In this attorney disciplinary matter, respondent and the Office of Disciplinary Counsel have entered into an Agreement for Discipline by Consent (Agreement) pursuant to Rule 21 of the Rules for Lawyer Disciplinary Enforcement (RLDE) contained in Rule 413 of the South Carolina Appellate Court Rules (SCACR). In the Agreement, respondent admits misconduct and consents to the imposition of an admonition or public reprimand with conditions. We accept the Agreement and issue a public reprimand. In addition, we impose the conditions set forth in the conclusion of this opinion. The facts, as set forth in the Agreement, are as follows.

Background

Respondent is seventy years old. He has not actively represented clients for approximately twenty years.
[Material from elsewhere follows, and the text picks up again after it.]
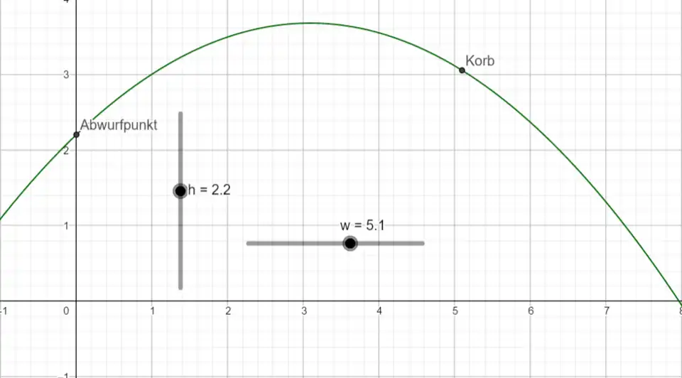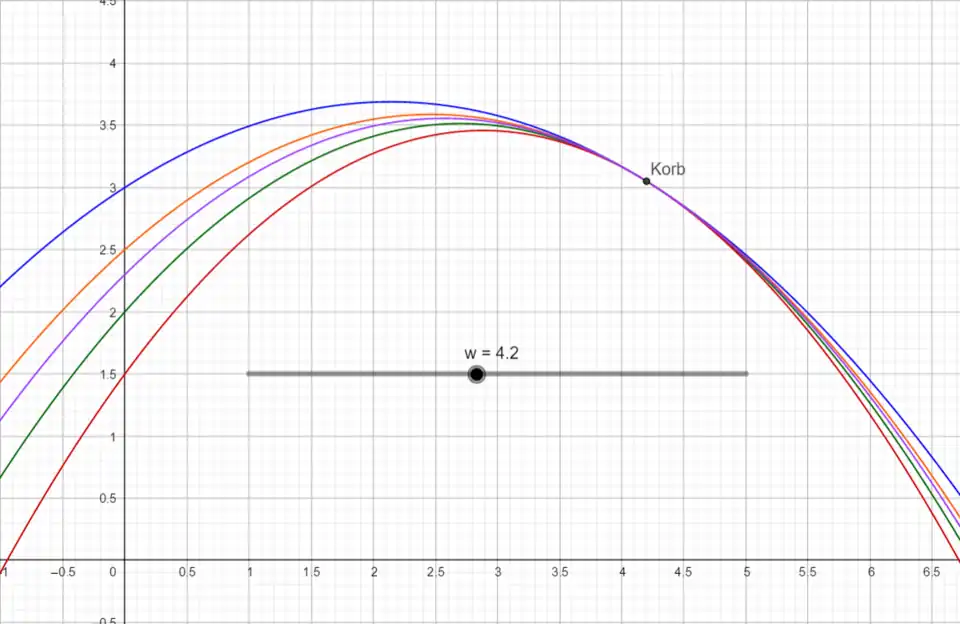 Mithilfe von GeoGebra können wir eine Funktionsschar und einen Funktion mit Schiebereglern plotten, um die Wurfparabeln zu visualisieren:
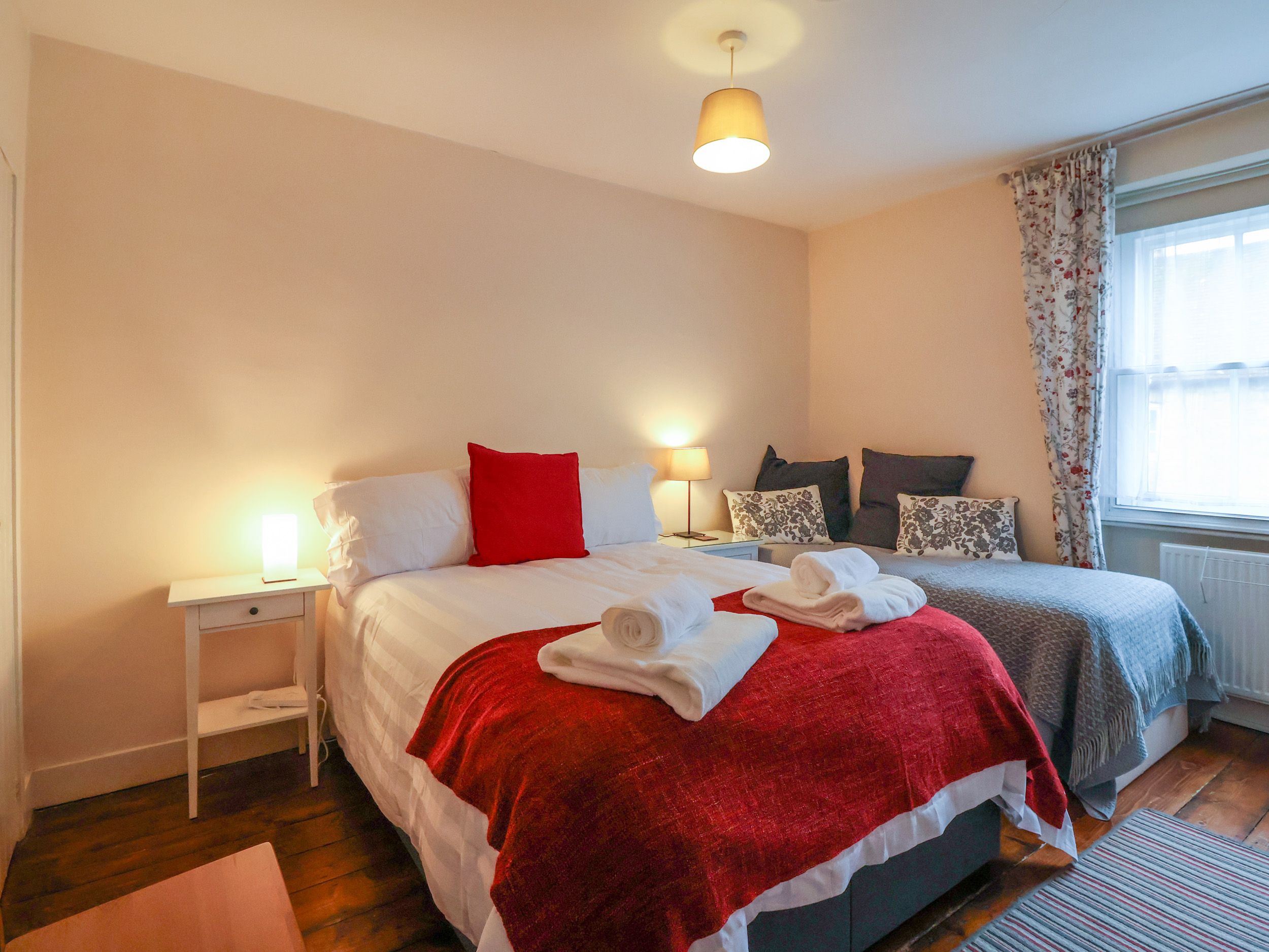 Accomodation Details Two bedrooms: 1 x king-size, 1 x family room with double and single. Ground-floor shower room with walk-in shower, basin, heated towel rail and WC. Kitchen/diner. Sitting room with electric fire

In August 2011, respondent changed his South Carolina Bar membership to inactive status. By order dated March 14, 2014, the Court placed respondent on administrative suspension for failure to pay his annual license fees. On August 6, 2015, the Court placed respondent on interim suspension as a result of his arrest for serious crimes and for failure to cooperate in the disciplinary investigation. In the Matter of Herlong, 413 S.C. 232, 776 S.E.2d 86 (2015).

Facts and Law

Matter I

Respondent was arrested on misdemeanor charges on four occasions: February 3, 2013, for shoplifting; September 23, 2013, for possession of cocaine and multiple driving offenses; October 13, 2013, for open container; and on May 24, 2015, for public disorderly conduct. Following his arrest on June 26, 2013, respondent was indicted on May 5, 2014, for possession with intent to distribute crack cocaine, possession of cocaine, and contributing to the delinquency of a minor. Respondent was incarcerated on June 23, 2015, for 120 days pursuant to a civil contempt order issued by the Fifth Judicial Circuit Family Court for failure to pay court-ordered spousal support. Respondent was released in September 2015 and the felony charges were resolved with a sentence of time served.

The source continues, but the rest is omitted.